**Exercise prompt**
Copy exactly every line below, from the first through the one that contains "Hillary er en", and skip all pictures.

**Data section**
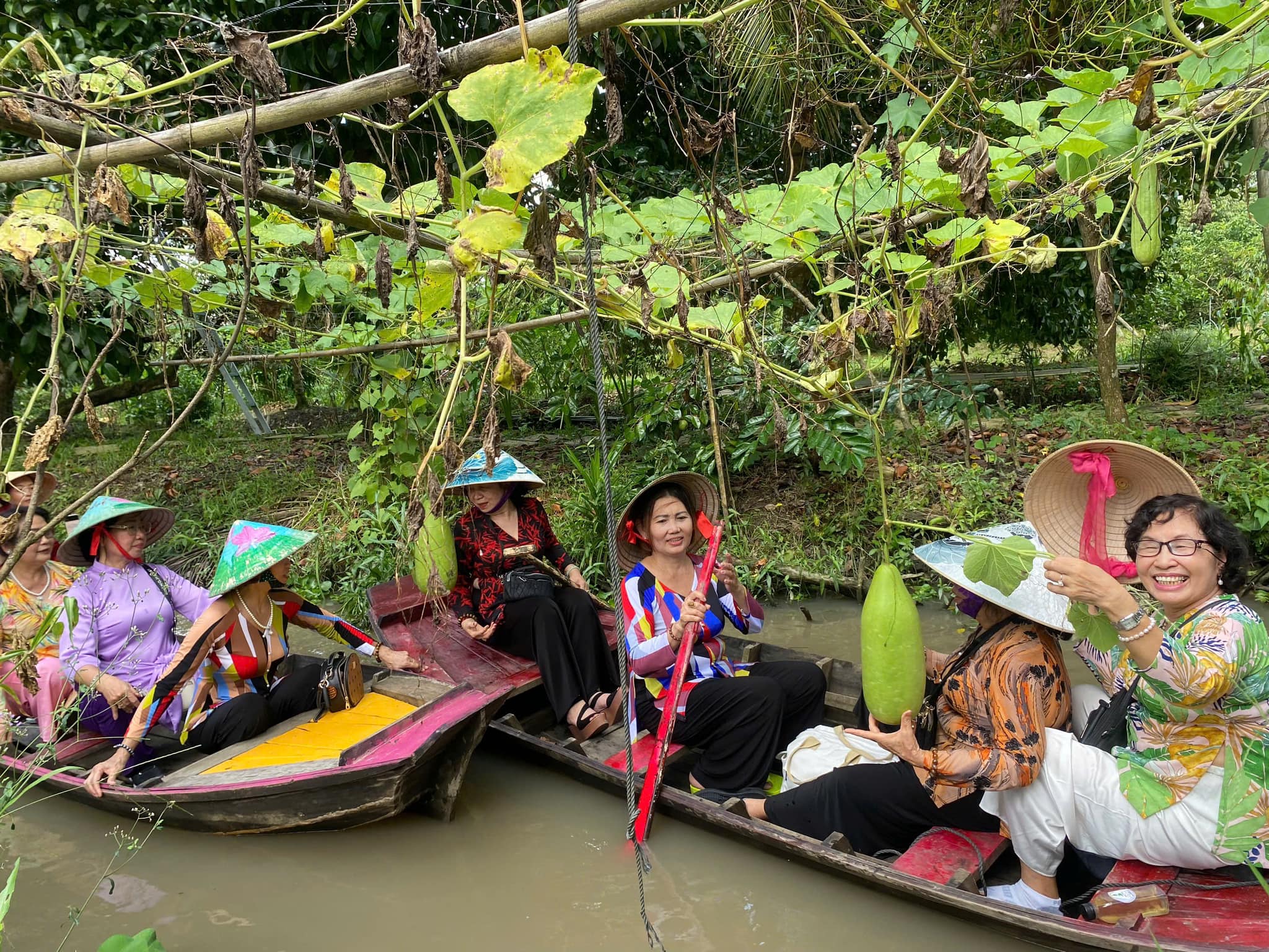 - Ngồi xuồng ngắm cảnh hoàng hôn buông xuống, mặt nước lấp lánh ánh vàng, tạo nên một khung cảnh bình yên khó quên.
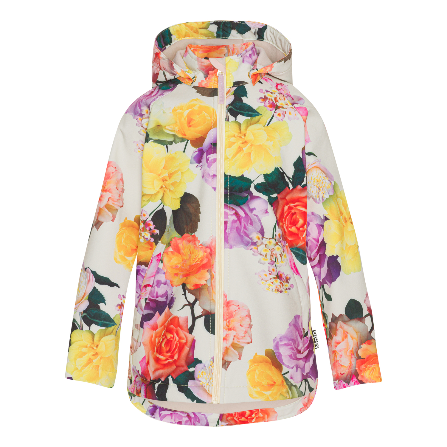 Hillary er en funktionel softshell jakke i grå med blomster print. Jakken har en praktisk længde med elastik i ryggen, hvilket giver en fin pasform. Der er aftagelig hætte, lynlås ned langs fronten, frontlommer, rib ved ærmeafslutning samt refleks bagpå. Molo's softshell jakker er et oplagt valg til overgangsperioderne, da ydermaterialet er vindtæt, vandtæt og åndbart. Produktet har en vandafvisende PFC-fri imprægnering (indeholder f.eks. ikke PFOS, PFOA og lignende). Vandsøjletryk: 8.000 mm. Åndbarhed: 5.000 g/m2/24t. Sømmene er ikke tapede.
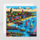 Farbenfrohe abstrakte Ai-Kunst, die einen Martha's Vineyard Strand mit Segelbooten und Leuchttürmen darstellt. Niedliches Sake-Souvenir für jeden, der Martha's Vineyard Lieben.
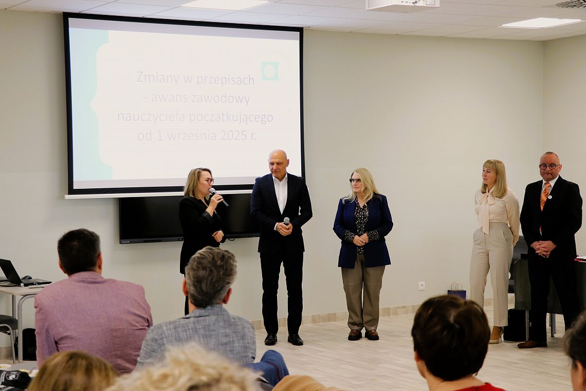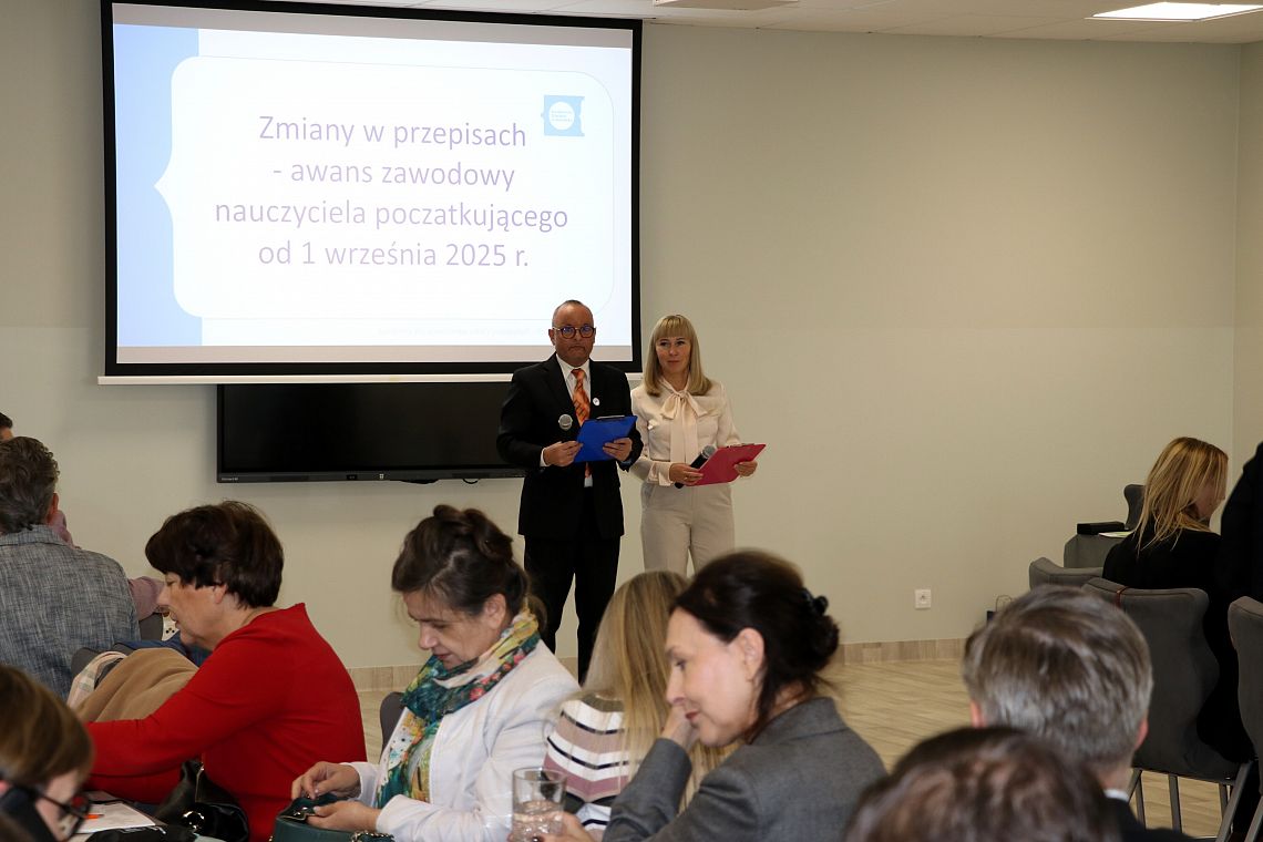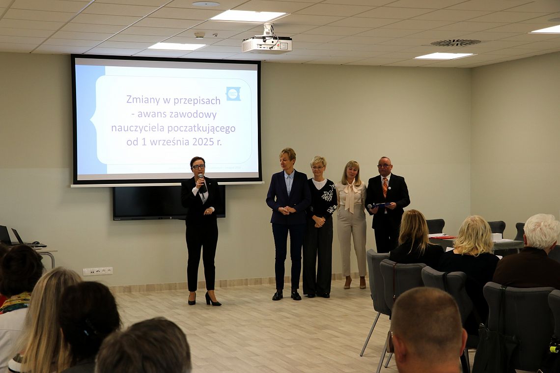 W działania Powiatowej Sieci Nauczycieli Doradców Zawodowych w roku szkolnym 2025/2026 wprowadziła dyrektorów Katarzyna Chojecka (inspektor - koordynator Powiatowej Sieci Nauczycieli Doradców Zawodowych). Po przerwie Potrzeby ucznia autystycznego w szkole – dobre praktyki przedstawili Anna Sak (Prezes Fundacji Nasz Autyzm) oraz Krzysztof Tokarski (psycholog, trener Fundacji Nasz Autyzm). Następnie Radca prawny Kuratorium Oświaty w Gdańsku, Elżbieta Zajączkowska-Matejko omówiła zmiany w Karcie Nauczyciela dotyczące między innymi wynagrodzenia nauczycieli.

**Expected answer**
 - Ngồi xuồng ngắm cảnh hoàng hôn buông xuống, mặt nước lấp lánh ánh vàng, tạo nên một khung cảnh bình yên khó quên.
 Hillary er en funktionel softshell jakke i grå med blomster print. Jakken har en praktisk længde med elastik i ryggen, hvilket giver en fin pasform. Der er aftagelig hætte, lynlås ned langs fronten, frontlommer, rib ved ærmeafslutning samt refleks bagpå. Molo's softshell jakker er et oplagt valg til overgangsperioderne, da ydermaterialet er vindtæt, vandtæt og åndbart. Produktet har en vandafvisende PFC-fri imprægnering (indeholder f.eks. ikke PFOS, PFOA og lignende). Vandsøjletryk: 8.000 mm. Åndbarhed: 5.000 g/m2/24t. Sømmene er ikke tapede.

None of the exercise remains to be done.